There are important considerations for why you should handle instrument definitions, including attributes like tick sizes and notional tick values, in a point-in-time manner:
- The exchange may change the tick size at any time. A notable example is how KRX changed the contract sizes of KOSPI-200 derivatives on March 27, 2017 .
- The tick size may also be variable based on predetermined rules. See for example the
tick_rule
field in Databento’s instrument definitions, which encodestag 6350-TickRule
and the VTT codes found here .
Databento makes it easy for you to reuse your code for any trading venue. This includes how you handle instrument definitions. For example, to get instrument definitions of ICE Europe instead, you just need to swap in dataset="IFEU.IMPACT"
.
You can find these dataset IDs using the metadata.list_datasets API method or from the dataset specifications page on Databento’s website:
Now, we can stitch everything we’ve learned so far together and get the tick sizes of three trading venues at:
import databento as db
import pandas as pd
client = db.Historical()
def get_definitions(dataset):
return client.timeseries.get_range(
dataset=dataset,
schema="definition",
symbols="ALL_SYMBOLS",
start="2024-07-08",
end="2024-07-09",
).to_df()
df_cme = get_definitions("GLBX.MDP3")
df_ice = get_definitions("IFEU.IMPACT")
df_endex = get_definitions("NDEX.IMPACT")

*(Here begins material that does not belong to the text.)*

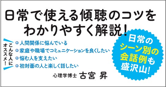 心理学博士・古宮 昇が、日常で使える「傾聴」をわかりやすく解説!『プロカウンセラーがやさしく教える 人間関係に役立つ傾聴』11月11日発売!

df = pd.concat([df_cme, df_ice, df_endex])
df["tick_size"] = df["min_price_increment"]
df["tick_value"] = df["min_price_increment"] * df["unit_of_measure_qty"]
df.loc[df["exchange"] == "XCBT", "tick_value"] *= 0.01
print(df[(df[["tick_size"]] != 0).all(axis=1)][["raw_symbol", "tick_size", "tick_value"]].dropna())
raw_symbol tick_size tick_value ts_recv 2024-07-08 00:00:00+00:00 W0N416 0.00100 1.00 2024-07-08 00:00:00+00:00 NKWU4 P33200 1.00000 500.00 2024-07-08 00:00:00+00:00 OHV4 P24900 0.00010 4.20 2024-07-08 00:00:00+00:00 1RQ4 P2220 0.00001 1.00 2024-07-08 00:00:00+00:00 RAG5 P15000 0.00010 4.20 ... ... ... ... 2024-07-08 00:00:00+00:00 DIF 89 7813548 0.01000 0.01 2024-07-08 00:00:00+00:00 DIF 89 7813549 0.01000 0.01 2024-07-08 00:00:00+00:00 DFB 89 7813550 0.01000 0.01 2024-07-08 00:00:00+00:00 DGA 89 7813551 0.01000 0.01 2024-07-08 00:00:00+00:00 DGB 89 7813552 0.01000 0.01 [447114 rows x 3 columns]
This example runs in 11.9 seconds across 773,485 instruments—about half are user-defined instruments or other instrument types with undefined tick sizes or values—over a regular internet connection.